A-C, Cells from PDX#1 (A), Pt#2 (B), and NBM (n=3) (C) were treated with PC14586 alone or in combination with the indicated concentrations of nutlin-3a, KPT-8602, or VEN for the indicated times. Cell death was determined by flow cytometry in CD45⁺, CD34⁺, and CD34⁺CD38⁻ cells. For NBM cells, cell death (left) and colony forming units (CFU) of cells treated with VEN (40 nM), nutlin-3a (10 μM), KPT-8602 (1 μM), PC14586 (10 μM), and each agent in combinations with PC14586 (right) are shown. N3a or N3, nutlin-3a; KPT, KPT-8602; AnnV, annexin V; 7AAD, 7-aminoactinomycin D.

Figure 5.. PC14586 in combination with RG7388 has therapeutic efficacy in a PDX model in vivo.

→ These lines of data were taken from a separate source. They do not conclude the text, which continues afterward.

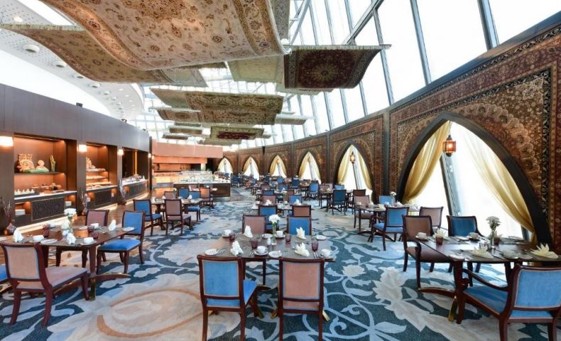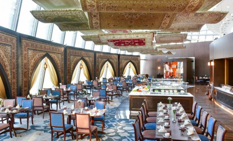 Закуска се сервира ежедневно в ресторант Flying Carpet с неговия шикозен декор, включително летящи килими. За вечеря гостите могат да се насладят на италианска паста и средиземноморски меса.
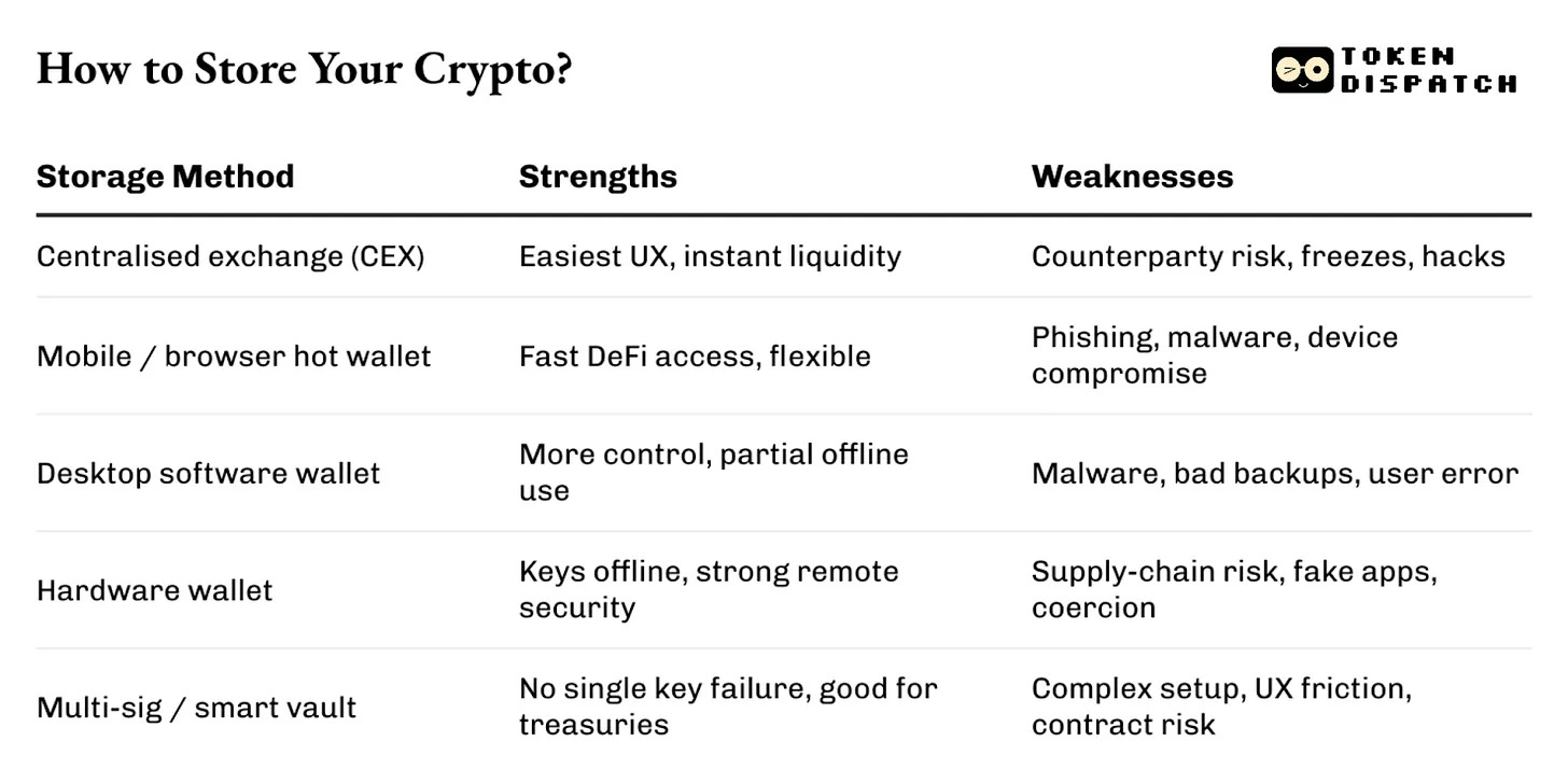 虽然表面上看安全文化有所提升,但风险已从托管式安全措施转移到了用户自行解决问题的混乱局面。电脑上的浏览器扩展程序、保存在手机聊天记录或电子邮件草稿中的助记词以及存放在未加密笔记应用中的私钥,都无法有效抵御潜伏的危险。
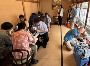このあと別室に移り事前に用意していただいた顕微鏡(40倍・100倍)で観察します。顕微鏡の使い方からプランクトンの観察まで渡部さんが担当してくれました。小さな丸いお皿に取り分けたプランクトンをまんべんなく観察できるような観察方法を教えていただき、それぞれが自身のスマホで撮影して楽しく学びなした。
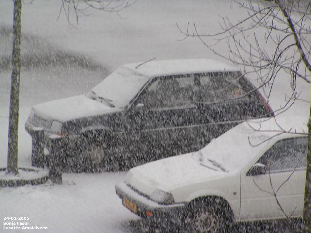 Begin van de middag werd Amstelveen bezocht door een pittige sneeuwbui, waarbij het tijdelijk zeer hard sneeuwde met zeer slecht zicht (foto 3)
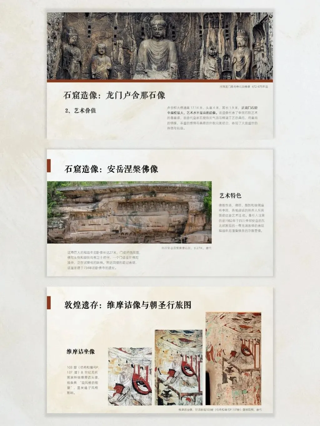 唐代佛教艺术摆脱了早期的拘谨,走向圆润大气,是宗教美学与世俗审美的完美结合。从龙门石窟卢舍那大佛的庄严慈悲,到天龙山石窟的圆润造像,再到敦煌壁画的绚丽绚烂,每一件作品都藏着唐代的精神气度。笔记里梳理了代表性造像、壁画的核心特征、尺寸细节与时代背景,搭配高清作品细节,直观感受唐代佛造像的美学突破。
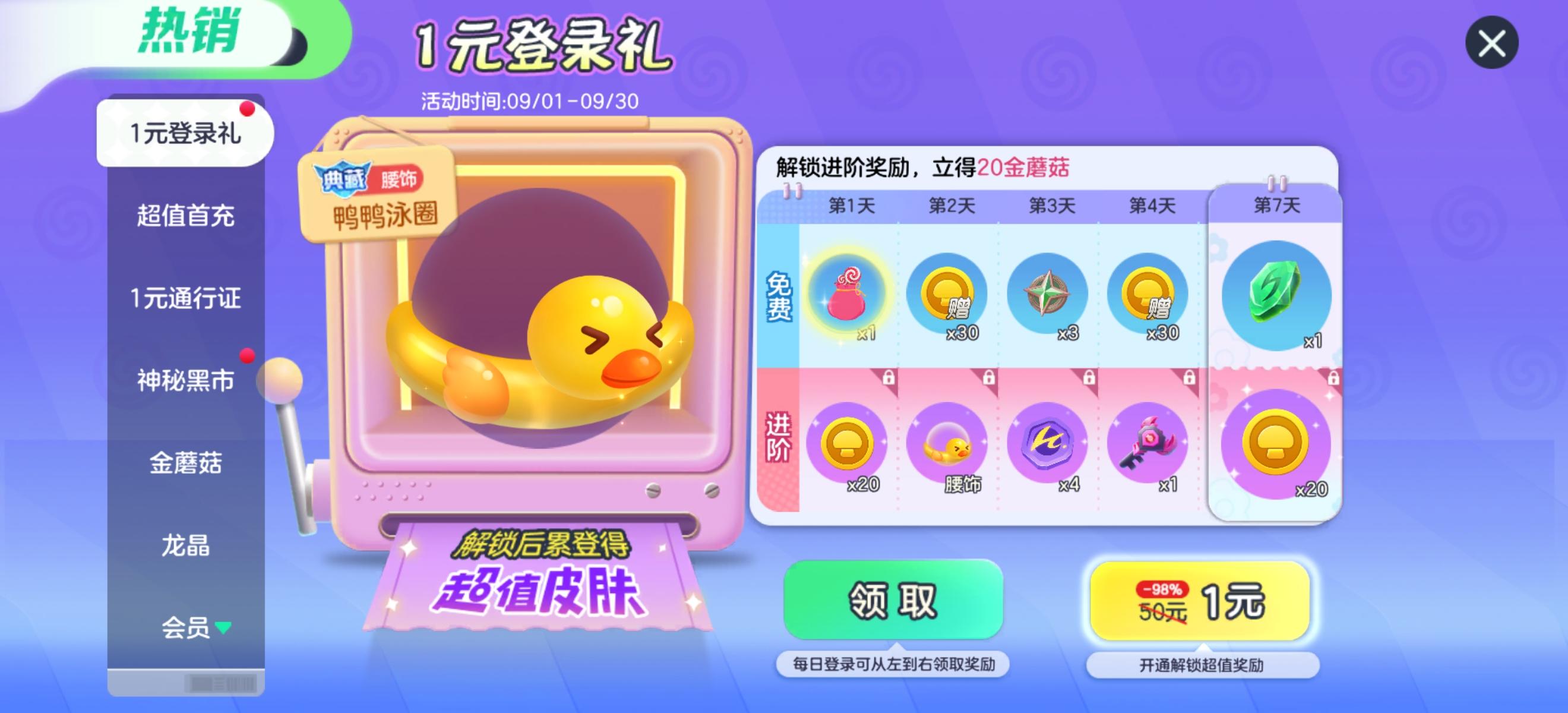 每日登录就有好礼相赠~仅需1元即可解钱进阶福利!典藏腰饰「鸭鸭泳圈」、超大奇妙宝箱钥匙等超值奖励等你来领!

NSG mice harboring PDX cells with TP53-Y220C and TP53-P151A mutations and other co-mutations were treated with vehicle, PC14586, RG7388, or both from d-38 to d-129 (RG7388 was stopped from d-97 to d-111). A. Circulating blasts after 4-week (left), 6-week (middle), or 8-weerk (right) treatment were determined by flow cytometric measurement of huCD45⁺ cells in PB. B. Spleen sizes (left) and weights(right) after 4-week treatment. C. BM blasts after 4-week treatment. D. Mouse survival. E-G. CyTOF analysis of BM cells collected after 4-week treatment. E. Treatment effects on various cell populations. F. Cell clustering based on cell surface markers (left and middle) and the effects of treatment on selected cell populations (right). G. tsne blots illustrate the effects of treatment on huCD45⁺ cells and p53-mutant in huCD45⁺ cells. RG, RG7388; PC, PC14586; d, day; Pop, population.

Figure 6.. ScDNA-seq of BM cells collected from vehicle- and PC14586-treated mice at moribund stage.

NSG mice harboring PDX cells with TP53-Y220C and TP53-P151A mutations and other co-mutations (#1) were treated with vehicle or PC14586. BM cells were collected from moribund mice in each group and subjected to scDNA-seq using the MissionBio platform. A. Heatmap showing the frequencies of TP53-Y220C, TP53-P151A, NRAS-Q61R, and NRAS-Q61L mutations in BM cells from vehicle- or PC14586-treated mice. Arrows indicate whether the mutations in PC14586-treated mice were increased or decreased compared to vehicle-treated mice. B. Characterizations of clones. C. Fish plot showing clonal evolution (left) and clonal distribution (right).